Lust noted Gee’s attorneys are asking not only for damages, but also “disgorgement:” giving back the profits it earned as a result of negligence. That’s hundreds of millions in potential liability — plus the legal fees and additional damages from future lawsuits.
But there’s no guarantee the NCAA will lose, of course. 
“I think everyone’s going to agree, whether you’re the NFL or the NCAA, that more should be done to prevent head trauma and concussions, and the harm that’s been caused,” Lust said. “There is likelihood of a finding of negligence, that the NCAA should be doing more for concussions. But you’re still going to have to prove causation.” 
• The jury must agree Gee’s CTE resulted from playing college football and that it led to his death. 
• Then, it must agree that the medical problems Gee suffered resulted from the NCAA’s alleged negligence — rather than the actions of USC or the then Pac-10.
Lust pointed to Brenner v. NCAA, which was tried in Oregon this past spring. Former Oregon offensive lineman Doug Brenner sued the governing body for an injury he incurred during practice in January 2017. A jury found the NCAA to be negligent — but that wasn’t enough to prove it caused his injury.
If history is any indicator, though, the case’s geography could work in Alana Gee’s favor. California is a traditionally hostile environment to the NCAA.
The Alston case, which found the NCAA illegally restricted educational benefits, and the O’Bannon case, which found athletes should be compensated for NIL rights, both went through the Ninth Circuit Court in California. State legislatures also passed the nation’s first-ever state NIL law.
The Future of NCAA Concussion Protocol
Last week, “the whole nation saw what happened to Tua,” Ramogi Huma, the executive director of the National College Players Association and a decades-long advocate for college athlete safety reforms, told FOS. “That happens on the regular in college sports.”
The NCAA’s current protocols, after all, are only slightly more sophisticated than they were during Gee’s era.
The verdict could spur significant change. If the NCAA is found liable for negligent concussion protocols, it could be incentivized to improve them — and maybe even enforce them — in order to protect itself.
• By now, the NCAA has funded research and provided medically based suggestions for how to better protect athletes. 
• Since 2010, it has required that each school implement a concussion protocol, Huma said. But it only gives suggestions for what that protocol should entail. 

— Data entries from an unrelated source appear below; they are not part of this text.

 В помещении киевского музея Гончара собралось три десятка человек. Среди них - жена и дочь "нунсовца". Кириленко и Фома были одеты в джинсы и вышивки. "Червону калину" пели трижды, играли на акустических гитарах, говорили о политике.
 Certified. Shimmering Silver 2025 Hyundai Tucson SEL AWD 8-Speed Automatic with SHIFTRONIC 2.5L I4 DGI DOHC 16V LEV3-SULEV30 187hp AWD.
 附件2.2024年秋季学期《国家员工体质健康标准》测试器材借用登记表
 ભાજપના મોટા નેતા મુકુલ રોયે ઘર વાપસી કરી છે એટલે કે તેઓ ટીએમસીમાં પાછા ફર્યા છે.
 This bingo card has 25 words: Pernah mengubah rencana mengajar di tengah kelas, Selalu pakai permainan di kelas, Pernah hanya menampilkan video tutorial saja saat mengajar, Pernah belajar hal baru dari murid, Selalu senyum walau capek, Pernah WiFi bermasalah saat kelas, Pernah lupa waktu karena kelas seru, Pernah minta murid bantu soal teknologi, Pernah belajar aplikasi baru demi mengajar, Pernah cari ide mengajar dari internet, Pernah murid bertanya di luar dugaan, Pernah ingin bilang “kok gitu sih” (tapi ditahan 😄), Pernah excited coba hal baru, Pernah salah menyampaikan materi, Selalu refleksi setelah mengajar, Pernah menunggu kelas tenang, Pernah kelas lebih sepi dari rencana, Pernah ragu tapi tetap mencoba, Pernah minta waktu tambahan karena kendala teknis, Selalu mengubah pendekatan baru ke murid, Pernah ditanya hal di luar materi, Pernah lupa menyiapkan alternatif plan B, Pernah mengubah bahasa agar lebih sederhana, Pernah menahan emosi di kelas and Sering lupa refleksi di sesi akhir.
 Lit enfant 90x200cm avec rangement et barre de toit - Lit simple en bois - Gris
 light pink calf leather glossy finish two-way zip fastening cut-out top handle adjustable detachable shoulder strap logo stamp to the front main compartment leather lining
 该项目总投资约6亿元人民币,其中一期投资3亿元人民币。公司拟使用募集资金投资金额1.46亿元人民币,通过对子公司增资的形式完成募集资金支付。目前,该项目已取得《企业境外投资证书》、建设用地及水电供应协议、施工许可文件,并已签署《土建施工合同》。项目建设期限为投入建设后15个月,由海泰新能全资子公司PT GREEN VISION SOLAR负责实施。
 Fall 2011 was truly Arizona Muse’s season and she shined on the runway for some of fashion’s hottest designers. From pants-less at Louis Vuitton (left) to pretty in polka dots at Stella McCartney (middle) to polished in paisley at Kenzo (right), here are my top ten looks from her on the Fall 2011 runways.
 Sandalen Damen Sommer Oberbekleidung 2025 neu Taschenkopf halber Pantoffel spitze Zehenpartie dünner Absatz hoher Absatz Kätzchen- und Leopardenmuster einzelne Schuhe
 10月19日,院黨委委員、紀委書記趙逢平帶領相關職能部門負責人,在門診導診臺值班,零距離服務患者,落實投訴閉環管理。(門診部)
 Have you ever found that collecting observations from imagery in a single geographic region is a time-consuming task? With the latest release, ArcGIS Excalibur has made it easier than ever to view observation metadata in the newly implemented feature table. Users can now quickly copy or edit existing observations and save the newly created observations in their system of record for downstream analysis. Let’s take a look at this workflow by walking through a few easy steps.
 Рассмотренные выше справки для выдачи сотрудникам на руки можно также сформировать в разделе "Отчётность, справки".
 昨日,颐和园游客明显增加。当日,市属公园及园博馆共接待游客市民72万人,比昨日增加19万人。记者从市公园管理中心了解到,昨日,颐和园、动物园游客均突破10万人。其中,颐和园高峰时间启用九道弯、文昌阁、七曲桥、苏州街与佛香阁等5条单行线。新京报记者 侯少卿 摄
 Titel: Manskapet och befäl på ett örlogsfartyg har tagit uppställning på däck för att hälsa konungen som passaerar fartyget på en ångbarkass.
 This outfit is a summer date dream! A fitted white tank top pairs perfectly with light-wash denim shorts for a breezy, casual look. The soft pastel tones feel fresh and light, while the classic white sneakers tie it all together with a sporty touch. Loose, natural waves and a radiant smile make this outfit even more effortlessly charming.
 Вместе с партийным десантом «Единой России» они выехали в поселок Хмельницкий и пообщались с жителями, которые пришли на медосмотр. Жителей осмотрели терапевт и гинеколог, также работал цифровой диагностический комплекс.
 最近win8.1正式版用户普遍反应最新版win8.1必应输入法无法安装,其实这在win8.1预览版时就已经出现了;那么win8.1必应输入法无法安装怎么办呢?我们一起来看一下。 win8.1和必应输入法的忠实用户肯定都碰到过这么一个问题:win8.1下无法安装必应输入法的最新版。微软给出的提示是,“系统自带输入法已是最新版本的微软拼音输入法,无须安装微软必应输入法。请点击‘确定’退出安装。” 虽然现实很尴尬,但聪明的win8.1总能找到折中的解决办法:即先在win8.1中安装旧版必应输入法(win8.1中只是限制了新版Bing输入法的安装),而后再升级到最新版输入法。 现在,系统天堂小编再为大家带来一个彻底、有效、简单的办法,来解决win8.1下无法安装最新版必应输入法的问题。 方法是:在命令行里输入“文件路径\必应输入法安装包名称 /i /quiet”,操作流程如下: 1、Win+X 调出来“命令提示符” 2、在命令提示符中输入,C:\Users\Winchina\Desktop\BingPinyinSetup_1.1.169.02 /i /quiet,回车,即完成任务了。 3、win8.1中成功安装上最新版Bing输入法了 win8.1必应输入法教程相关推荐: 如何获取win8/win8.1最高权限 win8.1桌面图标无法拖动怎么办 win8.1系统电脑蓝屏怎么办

• In January, the NCAA ratified a new constitution that largely leaves this structure in place.

In practice, this program is weak at best. When a trainer attempts to follow protocol, for example, there’s often pressure to eschew it. In 2015, a survey of 789 NCAA athletic trainers and 111 team physicians found that 64.4% of athletes and 53.7% of coaches pressured trainers to “prematurely clear [athletes] to return to participation after a concussion.”
If a school violates its own rules, the NCAA currently has no enforcement mechanism to punish it. Huma went so far as to call the concussion protocols “voluntary.” He noted there are also no outside watchdogs to investigate — no player’s union, no federal legislation.
The controversy over how to handle concussions — and the question of the NCAA’s role in protecting athletes from them — will not end with this case. If Gee wins, the floodgates open. But if she loses, there are more cases to be tried — and potentially other parties, like the schools, who could be held responsible.
“This lawsuit is not a one-off,” Huma said. “It’s not something that used to happen and got cleaned up.”